The answer is the full listing below, copied exactly, with its pictures omitted.

* **THE DATA**
↓

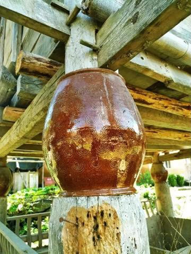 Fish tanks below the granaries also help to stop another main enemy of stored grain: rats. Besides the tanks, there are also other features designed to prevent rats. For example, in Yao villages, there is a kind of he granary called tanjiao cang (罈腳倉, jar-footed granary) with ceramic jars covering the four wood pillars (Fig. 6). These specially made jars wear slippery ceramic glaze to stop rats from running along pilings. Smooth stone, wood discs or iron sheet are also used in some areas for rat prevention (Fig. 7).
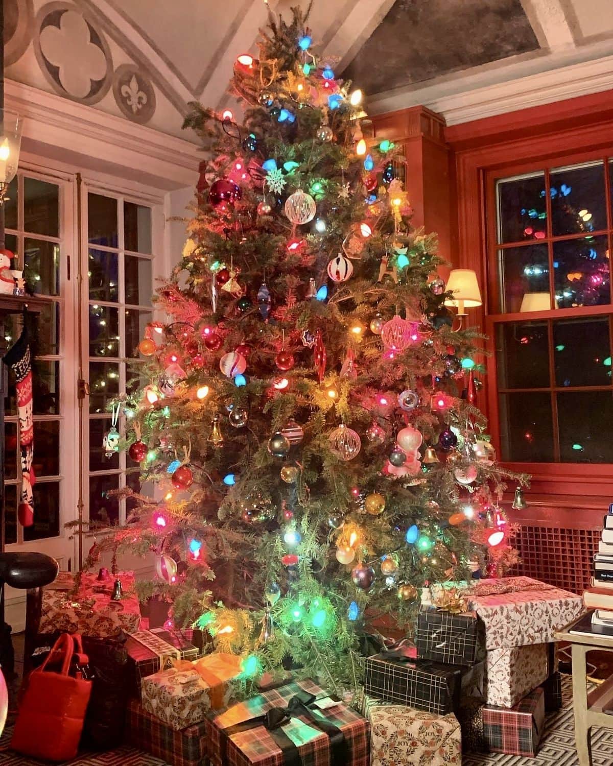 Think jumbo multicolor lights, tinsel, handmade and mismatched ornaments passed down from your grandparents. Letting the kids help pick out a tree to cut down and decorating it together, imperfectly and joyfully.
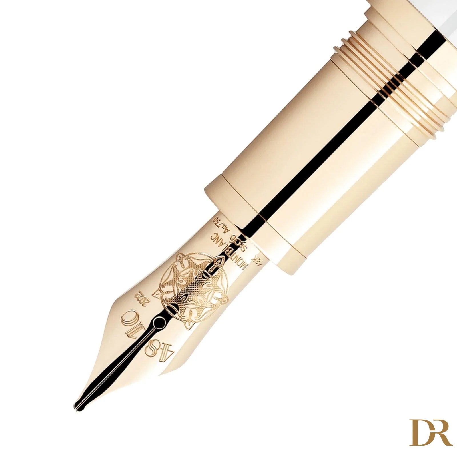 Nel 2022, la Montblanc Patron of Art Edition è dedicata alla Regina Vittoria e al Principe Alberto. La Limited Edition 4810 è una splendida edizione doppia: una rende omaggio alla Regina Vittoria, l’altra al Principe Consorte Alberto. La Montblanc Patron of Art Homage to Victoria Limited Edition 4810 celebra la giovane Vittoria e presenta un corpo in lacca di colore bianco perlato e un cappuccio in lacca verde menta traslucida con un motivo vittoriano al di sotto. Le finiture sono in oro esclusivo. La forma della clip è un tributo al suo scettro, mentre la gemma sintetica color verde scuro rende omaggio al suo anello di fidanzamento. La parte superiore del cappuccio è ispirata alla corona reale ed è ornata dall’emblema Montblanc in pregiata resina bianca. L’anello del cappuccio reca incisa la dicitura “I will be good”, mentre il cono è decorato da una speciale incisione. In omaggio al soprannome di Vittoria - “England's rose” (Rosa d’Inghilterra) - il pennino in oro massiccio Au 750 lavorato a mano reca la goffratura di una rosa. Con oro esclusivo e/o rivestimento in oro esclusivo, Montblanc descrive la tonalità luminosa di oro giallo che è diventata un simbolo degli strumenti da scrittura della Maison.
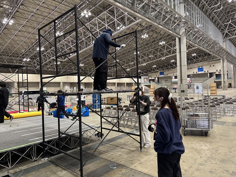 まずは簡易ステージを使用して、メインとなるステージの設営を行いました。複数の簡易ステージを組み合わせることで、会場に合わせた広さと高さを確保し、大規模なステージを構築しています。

↑

* **EXERCISE RESPONSE**
 Fish tanks below the granaries also help to stop another main enemy of stored grain: rats. Besides the tanks, there are also other features designed to prevent rats. For example, in Yao villages, there is a kind of he granary called tanjiao cang (罈腳倉, jar-footed granary) with ceramic jars covering the four wood pillars (Fig. 6). These specially made jars wear slippery ceramic glaze to stop rats from running along pilings. Smooth stone, wood discs or iron sheet are also used in some areas for rat prevention (Fig. 7).
 Think jumbo multicolor lights, tinsel, handmade and mismatched ornaments passed down from your grandparents. Letting the kids help pick out a tree to cut down and decorating it together, imperfectly and joyfully.
 Nel 2022, la Montblanc Patron of Art Edition è dedicata alla Regina Vittoria e al Principe Alberto. La Limited Edition 4810 è una splendida edizione doppia: una rende omaggio alla Regina Vittoria, l’altra al Principe Consorte Alberto. La Montblanc Patron of Art Homage to Victoria Limited Edition 4810 celebra la giovane Vittoria e presenta un corpo in lacca di colore bianco perlato e un cappuccio in lacca verde menta traslucida con un motivo vittoriano al di sotto. Le finiture sono in oro esclusivo. La forma della clip è un tributo al suo scettro, mentre la gemma sintetica color verde scuro rende omaggio al suo anello di fidanzamento. La parte superiore del cappuccio è ispirata alla corona reale ed è ornata dall’emblema Montblanc in pregiata resina bianca. L’anello del cappuccio reca incisa la dicitura “I will be good”, mentre il cono è decorato da una speciale incisione. In omaggio al soprannome di Vittoria - “England's rose” (Rosa d’Inghilterra) - il pennino in oro massiccio Au 750 lavorato a mano reca la goffratura di una rosa. Con oro esclusivo e/o rivestimento in oro esclusivo, Montblanc descrive la tonalità luminosa di oro giallo che è diventata un simbolo degli strumenti da scrittura della Maison.
 まずは簡易ステージを使用して、メインとなるステージの設営を行いました。複数の簡易ステージを組み合わせることで、会場に合わせた広さと高さを確保し、大規模なステージを構築しています。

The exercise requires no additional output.